Посланник рассказывал Карлу про загадку Микеланджеловых фресок: художник писал их почему-то не в исторической последовательности — от сотворения мира до потопа и сцены опьянения Ноя, а наоборот — начал с Ноя, потом изобразил грехопадение, сотворение Евы, Адама, отделение суши от воды и кончил тем, с чего все началось, — отторжением света от тьмы. Он двигался не по принятому — от алтаря к входным дверям, а от входных дверей к алтарю. Не любовь ли к людям водила рукой великого флорентинца, когда он разбрасывал по потолку капеллы свои фрески, говорил посланник: вопреки обычному суждению о падении человека, погрязшего в грехе, не жила ли в душе художника вера в возвышение человека из состояния скотского до божественной чистоты? Впрочем, с тонкой улыбкой закончил Италинский, может быть, Микеланджело просто встал однажды с левой ноги, или доски лесов со стороны алтаря показались ему недостаточно прочны, и он не пожелал ждать, пока положат новые…
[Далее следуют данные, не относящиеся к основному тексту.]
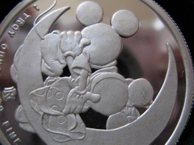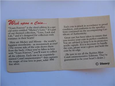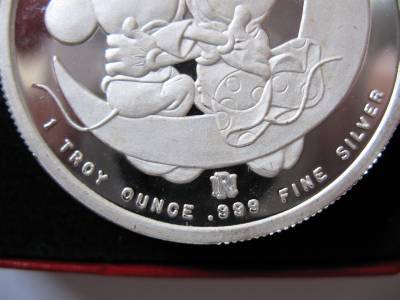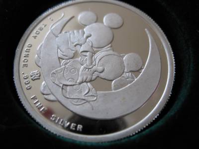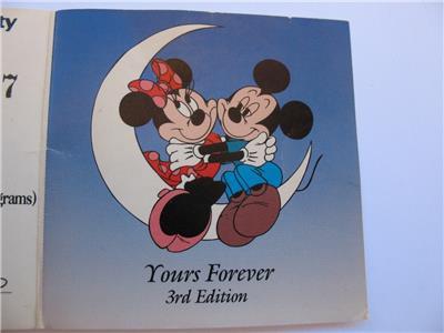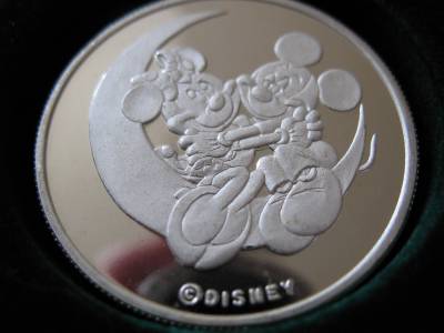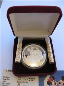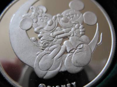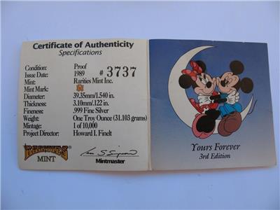 You are bidding on1-OZ. SILVER MICKEY & MINNI LOVERS ON CRESENT MOON VERY RARE VINTAGE COIN+GOLD "FROM YOURS FOREVER SERIES" 3RD LIMITED EDITION WALT DISNEY RARITIES MINT COLLECTORS PROOF COIN VERY LOW # 395 ON EDGE AND COA, Very Unique Art round, B/U. FLOWERS WILL WILT, GIVE A GIFT THAT WILL LAST AND BE REMEMBERED FOREVER .This JUST LIKE the coin you will receive and is in mint condition. It is really beautiful in its detail. Besides being a great collectors item, pure Silver is up in the last 10 years and art rounds are bringing a premium over the spot price of silver from investors and collectors. This is a fun way to invest in silver and have a beautiful coin. Great gift FOR SOMEONE SPECIAL or add to a collection.
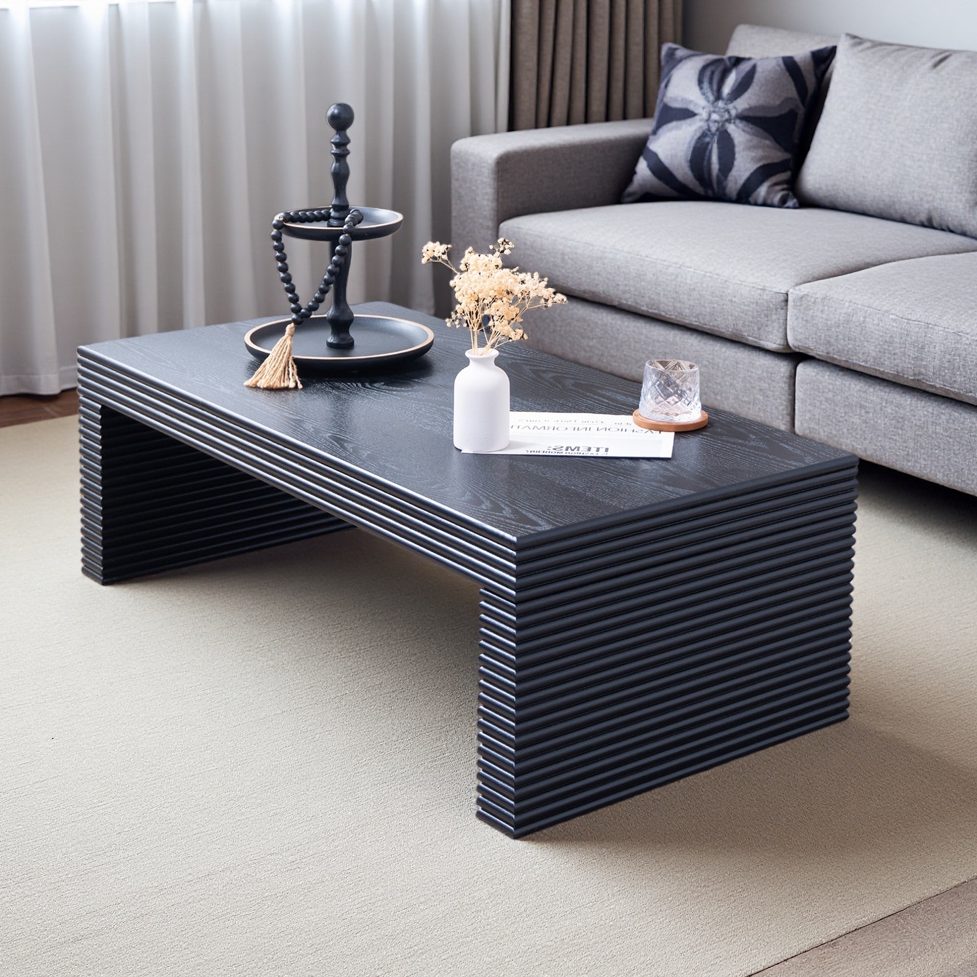 47.6" Manufactured Wood Rectangular Coffee Table with Ribbed Design, Low-Profile Silhouette and Modern Style
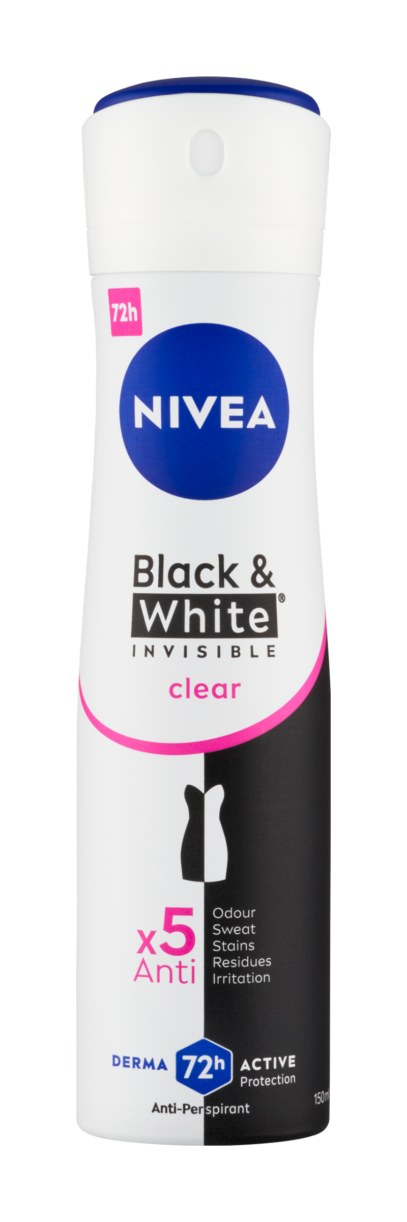 Poznejte skutečně účinný antiperspirant bez alkoholu* a s atraktivní květinovou vůní, který chrání proti pocení i zápachu a ochrání také vaše oblečení. Složení antiperspirantů s unikátní patentovanou technologií, která zabraňuje vzniku bílých stop na černém oblečení a pomáhá předcházet vzniku žlutých skvrn, které se mohou časem objevit na bílém oblečení. S naší neúčinnější technologií Derma Active získáte ochranu proti pocení a pachu potu až na 72 hodin. Jemné složení ale zároveň o pokožku pečuje a předchází podráždění. Seznamte se se světovou jedničkou v deodorantech nezanechávajících skvrny na oblečení:** NIVEA Sprej antiperspirant Black & White Invisible Clear.

Кто его знает, думал Карл, возможно, что с левой ноги, или доски точно были плохи, возможно. Микеланджело и не размышлял о том, над чем бьются сейчас как над загадкой, просто писал как писалось, — главное, в искусстве надо идти не от алтаря, а к алтарю, возвышаться, а не тратить дарованное природой. Стать на колени перед великими образцами — не есть ли такое расточительство? Надо превратить их в свою плоть, в свои мышцы и кости, растворить их в своей крови и делать все по-своему — вот что значит идти к алтарю. Он сказал грубо:
— Надо пережевать четыреста лет успехов живописи, дабы создать что-нибудь достойное нашего века.
И старый посланник понял его и поддержал:
— Каждая эпоха должна в совершенстве делать то, что она считает для себя важным…
Из здравствующих художников первый визит — к маэстро Винченцо Камуччини, почитавшемуся в Риме и в петербургской императорской Академии художеств величайшим живописцем, воскресшим классиком, новым Рафаэлем. Пойти с поклоном к Камуччини для русского пенсионера было столь же обязательно, как для католика поклониться папе; тема, сюжет, благословленные Камуччини, в Петербурге тотчас канонизировались, его мнения считались непререкаемыми. Великолепная мастерская Камуччини располагалась в здании монастыря, упраздненного во время наполеоновских войн: живой классик производил гигантские полотна — места требовалось много. Камуччини был обходителен и говорлив, но его горячая с ужимками речь казалась ненатуральной и рассчитанной, как его картины.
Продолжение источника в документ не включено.